In the third issue the petitioner contends, in the alternative, in event that we approve in principle the basis adopted by the respondent, that three certain items should be added to the amount of the basis used by the respondent in his computation.

The first item is an amount of loss claimed by the transferors to have been sustained prior to the transfer of the land to the petitioner *1068through the destruction by fire of the family dwelling formerly standing upon the land and estimated to be the excess of the fair value of the dwelling over and above the amount of insurance recovered by the transferors.

The second item is the amount of the cash proceeds received by the transferors from purchasers other than the petitioner derived from the sales of 6½ acres of the land prior to the transfer of the remaining 93½ acres to the petitioner.

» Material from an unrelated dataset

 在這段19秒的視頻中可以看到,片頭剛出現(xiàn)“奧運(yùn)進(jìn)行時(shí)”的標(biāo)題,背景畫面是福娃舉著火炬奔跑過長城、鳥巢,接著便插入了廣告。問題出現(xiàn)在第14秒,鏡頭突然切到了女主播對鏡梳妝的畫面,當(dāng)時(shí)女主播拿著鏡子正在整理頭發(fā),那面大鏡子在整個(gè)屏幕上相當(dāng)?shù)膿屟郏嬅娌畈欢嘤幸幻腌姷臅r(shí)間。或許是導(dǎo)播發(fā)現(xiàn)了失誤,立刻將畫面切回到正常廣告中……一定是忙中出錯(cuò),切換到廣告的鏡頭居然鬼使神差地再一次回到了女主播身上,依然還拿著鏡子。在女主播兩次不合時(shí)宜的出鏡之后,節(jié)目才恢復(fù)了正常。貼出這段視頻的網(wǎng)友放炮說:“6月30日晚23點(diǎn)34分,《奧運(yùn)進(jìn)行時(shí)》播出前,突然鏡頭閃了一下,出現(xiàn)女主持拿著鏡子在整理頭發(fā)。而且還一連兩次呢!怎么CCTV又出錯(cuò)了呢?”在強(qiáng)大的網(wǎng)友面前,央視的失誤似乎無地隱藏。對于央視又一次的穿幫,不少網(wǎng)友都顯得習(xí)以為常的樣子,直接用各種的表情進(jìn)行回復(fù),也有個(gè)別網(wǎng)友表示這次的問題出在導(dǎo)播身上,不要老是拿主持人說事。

The third item is an amount of prospective — if you choose, imaginary — loss, which is not shown to have ever been sustained by anyone, attributable to bad management in subdividing the land long prior to its transfer to the petitioner, resulting in a failure to afford opportunity for the maximum possible aggregate of lot frontage, thus affecting the ultimate realization upon asking prices based on frontage.

We believe it is obviously unnecessary to go into detailed discussion of the items. The first, a loss by fire, and the second, a sale of property, are manifestly transactions with which, in point of fact, the petitioner has nothing whatever to do. The third may have had some effect, downward, however, upon the prospective value of the land when turned over to the petitioner. Certainly there is no basis for calling the prospective failure to derive a maximum profit cost to anyone, be it the transferors or the petitioner.

We conclude that there is no basis in fact or in law for this claim of the petitioner.

Toward the end of the hearing the respondent moved to increase the deficiencies to conform to the facts in evidence. A careful consideration of the record shows that there is no basis of fact before us to support a redetermination upward. The motion is, therefore, denied.

Judgment will he entered pursuant to Rule 50.